◆ Work required ◆
Please write out every line of the material, leaving out any picture.

◆ Provided data ◆
* * * * * * *

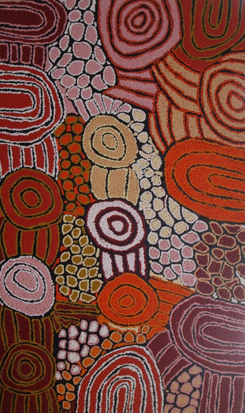 Similarities can be seen between Debra’s work and the bold style of the Papunya Tula movement. This is especially evident in the way the paint is applied in thick, joined dots. Debra has developed her own palette of colours and her personal way of representing the iconography to depict the traditional sacred women’s sites in the Kintore area, located 250km west of her birthplace.
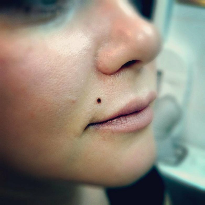 Добавить образу загадочности и внести в свой имидж нотку кокетства можно при помощи перманентного макияжа мушки. При помощи технологии вы можете сделать искусственную родинку в любом месте, именно она будет привлекать внимание и отвлекать от морщин. Но если сделать ее жирной, огромной, то вся интрига испарится.
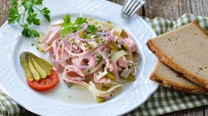 Jak na to: Ve velké míse smíchejte nejprve žloutky se smetanou, přidejte uvařené uzené maso i rohlíky nakrájené na kousky, spařené kopřivy, nadrobno nakrájenou cibuli i prolisovaný česnek. Vše dochuťte majoránkou, nasekanou pažitkou, solí a pepřem. Na závěr přidejte olej a sníh.
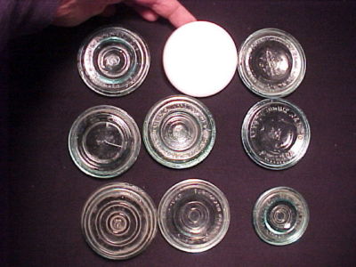 8 Vintage Fruit Jar Lids Mason and 1 Milk Galss Lid
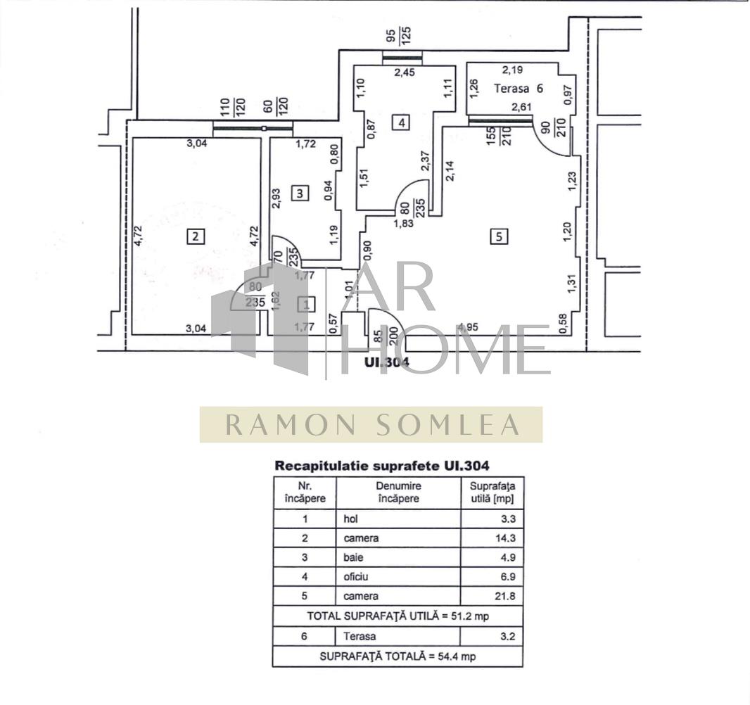 Apartamentul este la prima inchiriere si are o suprafata utila de 51,2 mp plus balcon de 3.2 mp.
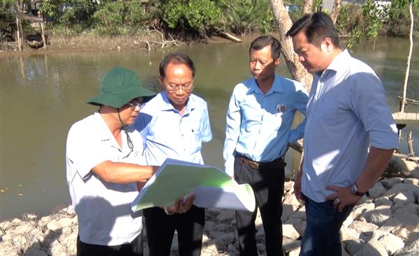 Ông Nguyễn Văn Sử, Giám đốc Sở Nông nghiệp và Phát triển nông thôn TP. Cần Thơ và ông Nguyễn Quí Ninh, Chi cục trưởng Chi cục Thủy lợi TP. Cần Thơ kiểm tra công tác nghiệm thu công trình Kè chống sạt lở khẩn cấp bờ phải Rạch Sung.
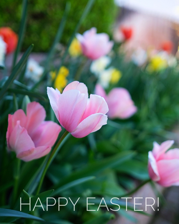 Best wishes to you this Easter. May your life be blessed with joy and prosperity…. The risen Christ is celebrated in every opened flower, in every beam of nourishing sunlight, in every humble patch of green beneath our feet. Easter blessings from our home to yours! He is Risen! Here's a pretty photo from our front yard – that reminds me of the bounty given us by our Savior!
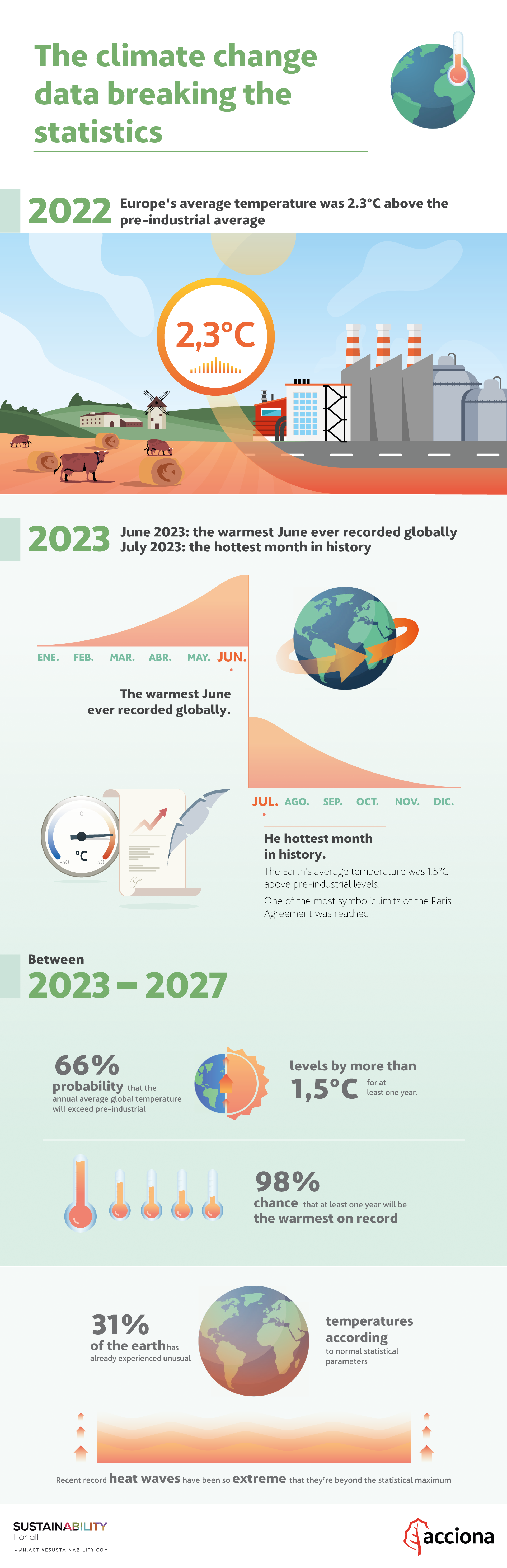 In this article we discussed how the temperature in Europe was rising twice as fast as the rest of the planet. 2022 was a landmark, with temperatures 2.3ºC above the average during the preindustrial era.

* * * * * * *

◆ Reply ◆
 Similarities can be seen between Debra’s work and the bold style of the Papunya Tula movement. This is especially evident in the way the paint is applied in thick, joined dots. Debra has developed her own palette of colours and her personal way of representing the iconography to depict the traditional sacred women’s sites in the Kintore area, located 250km west of her birthplace.
 Добавить образу загадочности и внести в свой имидж нотку кокетства можно при помощи перманентного макияжа мушки. При помощи технологии вы можете сделать искусственную родинку в любом месте, именно она будет привлекать внимание и отвлекать от морщин. Но если сделать ее жирной, огромной, то вся интрига испарится.
 Jak na to: Ve velké míse smíchejte nejprve žloutky se smetanou, přidejte uvařené uzené maso i rohlíky nakrájené na kousky, spařené kopřivy, nadrobno nakrájenou cibuli i prolisovaný česnek. Vše dochuťte majoránkou, nasekanou pažitkou, solí a pepřem. Na závěr přidejte olej a sníh.
 8 Vintage Fruit Jar Lids Mason and 1 Milk Galss Lid
 Apartamentul este la prima inchiriere si are o suprafata utila de 51,2 mp plus balcon de 3.2 mp.
 Ông Nguyễn Văn Sử, Giám đốc Sở Nông nghiệp và Phát triển nông thôn TP. Cần Thơ và ông Nguyễn Quí Ninh, Chi cục trưởng Chi cục Thủy lợi TP. Cần Thơ kiểm tra công tác nghiệm thu công trình Kè chống sạt lở khẩn cấp bờ phải Rạch Sung.
 Best wishes to you this Easter. May your life be blessed with joy and prosperity…. The risen Christ is celebrated in every opened flower, in every beam of nourishing sunlight, in every humble patch of green beneath our feet. Easter blessings from our home to yours! He is Risen! Here's a pretty photo from our front yard – that reminds me of the bounty given us by our Savior!
 In this article we discussed how the temperature in Europe was rising twice as fast as the rest of the planet. 2022 was a landmark, with temperatures 2.3ºC above the average during the preindustrial era.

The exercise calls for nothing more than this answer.